The article notes that since the law was passed in 1983, pharma companies have increasingly sought to develop and market drugs for so-called orphan diseases. The law was intended to act as a spur for drug development in rare diseases. However, some contend the process has now become a way for pharma companies to charge excessively high prices for drugs while enjoying a longer period of market exclusivity and tax credits.
Greenwood argues the Orphan Drug Act has been a success, citing the fact that 400 orphan drugs have been approved since the Act's inception, compared with 34 prior to its enactment. "According to the study, there would have been one-third fewer orphan drugs on the market treating patients with rare diseases over the last 30 years without the incentives found in the Orphan Drug Act," he writes. "By any measure, the Orphan Drug Act has been a resounding success and given hope to millions of families. Let’s not harm the system that has made this success possible."
Quintiles And DaVita Clinical Research Announce Alliance
Quintiles, the world’s largest provider of product development and integrated healthcare services, and DaVita Clinical Research, a wholly-owned subsidiary of DaVita HealthCare Partners Inc., have announced a global strategic alliance. The alliance combines DaVita’s clinical care and expansive footprint of research sites with Quintiles’ operational delivery and therapeutic expertise in clinical trials.
“Through this alliance with DaVita Clinical Research, we will have the power to provide biopharmaceutical customers with nephrology expertise and global delivery capabilities to truly advance clinical research,” said Jeanne Hecht, SVP and global head, Site and Patient Networks at Quintiles. “Our aim is to align our processes to reduce cycle times and accelerate clinical trial execution. Moreover, we will be able to alleviate the burden on patients participating in renal disease trials by incorporating clinical research into clinical care.”

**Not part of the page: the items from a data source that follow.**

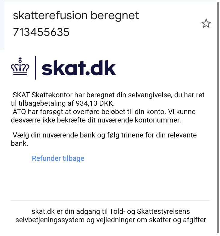 Es sind falsche E-Mails im Umlauf, die aussehen, als würden sie von einem der 7 Ämter der Dänischen Zoll- und Steuerverwaltung (Skatteforvaltningen) stammen. Wir empfehlen dringend, nur Links in E-Mails anzuklicken, wenn Sie sicher sind, dass diese echt sind. Auf dieser Seite können Sie Beispiele für falsche E-Mails und SMS sehen.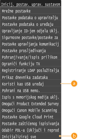 <Mrežne postavke> <Inicijaliziranje mrežnih postavki> <Da>, a zatim ponovno pokrenete uređaj. |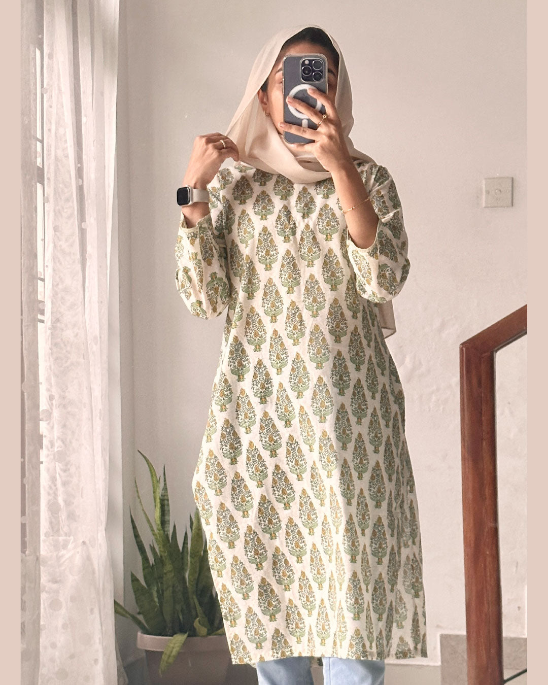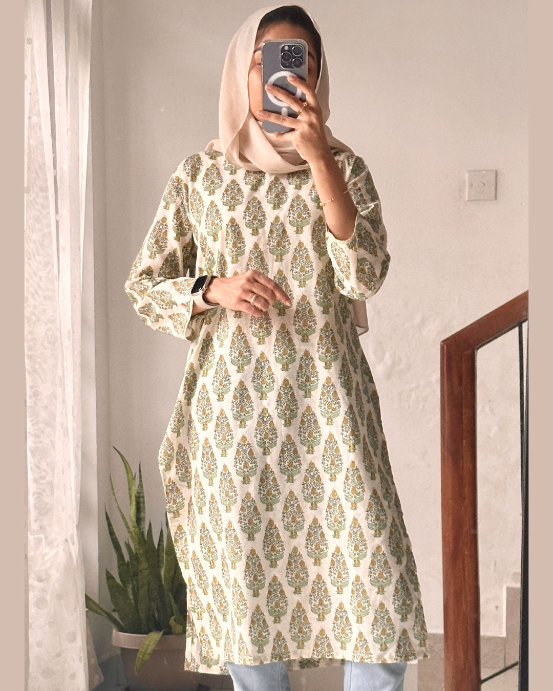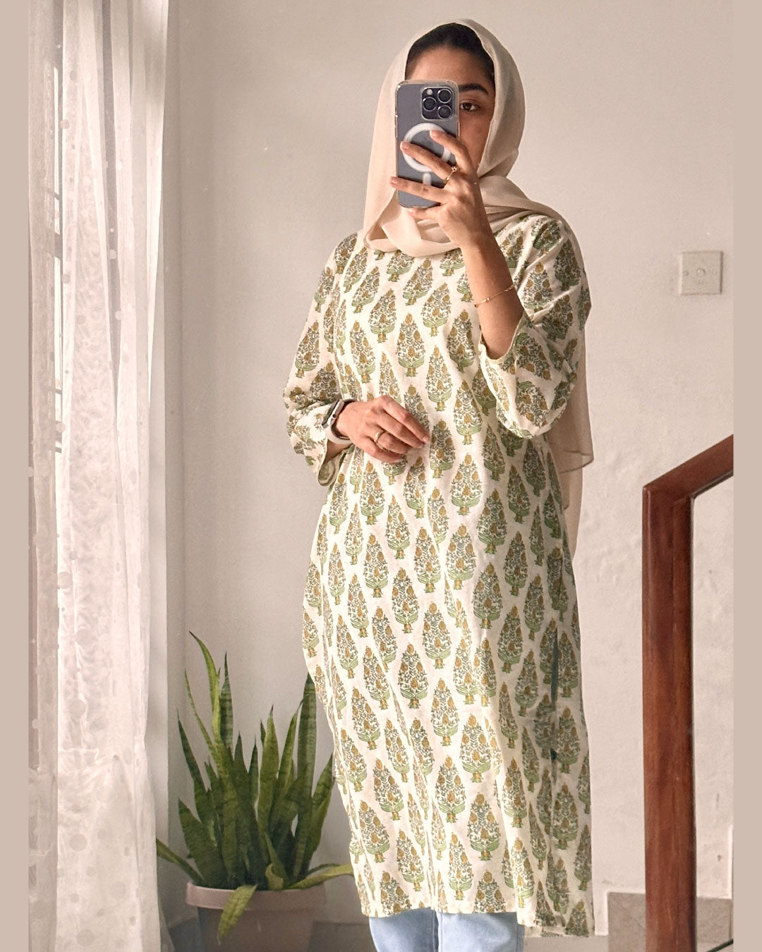 This kurti combines cheerful colors with a timeless design, offering a versatile piece that’s perfect for brightening your day. The breathable cotton fabric ensures comfort while the vibrant print keeps you looking effortlessly stylish.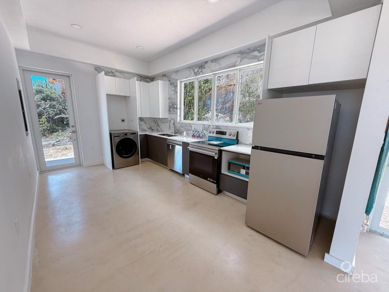 In the embrace of Cayman Brac, where world-class diving, the majestic Bluff, enchanting caves, and deep-sea fishing beckon, our eco modern villas redefine island living built on solid rock, with concrete exterior walls, slab and poured concrete roof to withstand the most severe weather conditions. Stunningly finished, with a rain shower in bathroom. This home is turnkey!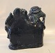 Beskrivelse: Unika Blåglaseret Stentøj Pige med kat 26 x 27 cm Helge Christoffersen Royal Copenhagen stentøj I fin og hel stand Signeret HC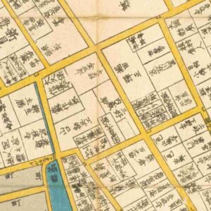 『江戸切絵図』外桜田/嘉永3年より抜粋、「松平鑄之亟」表記区画を忠凱の屋敷地と推定。五井松平家。家禄は5500石。遠江国長上郡、豊田郡、引佐郡、周知郡に知行地を有する
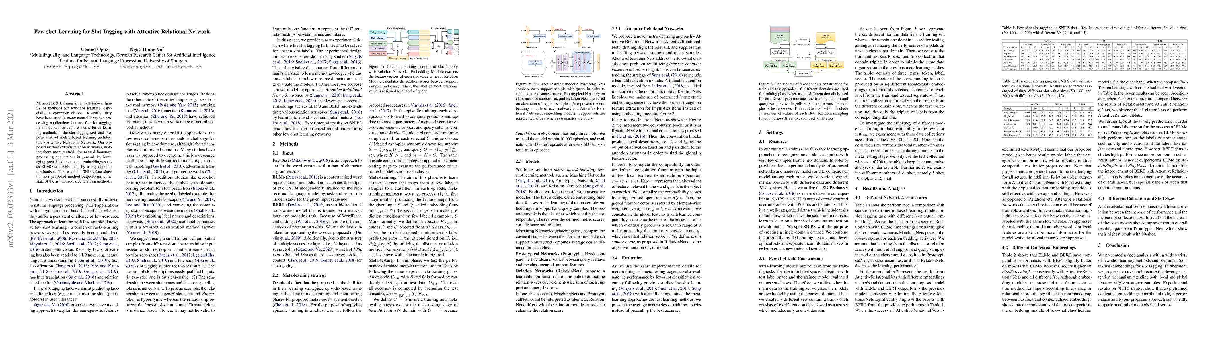 This paper introduces the Attentive Relational Network, a novel metric-based learning architecture for few-shot slot tagging in natural language processing. It leverages pretrained contextual embeddings like ELMO and BERT, and an attention mechanism, outperforming other metric-based methods on the SNIPS dataset.

DaVita Clinical Research is part of DaVita Healthcare Partners, a leading provider of kidney care as well as one of the largest U.S. healthcare providers, providing care to more than one million patients who may be available for potential trial enrollment. DaVita Clinical Research brings to this alliance data-driven trial feasibility expertise, trial sites in Europe and Latin America, its deep clinical knowledge of renal patients as well as an established research infrastructure with DaVita dialysis facilities and 30 years’ experience conducting clinical trials across therapeutic areas.
“This alliance allows novel approaches to clinical development and clinical trial execution, specifically in site identification, participant enrollment, and study design,” said Amy Young, VP and general manager of DaVita Clinical Research. “We are excited about the opportunities this affords our organizations to provide innovative solutions to the biopharmaceutical industry and the participants we serve.”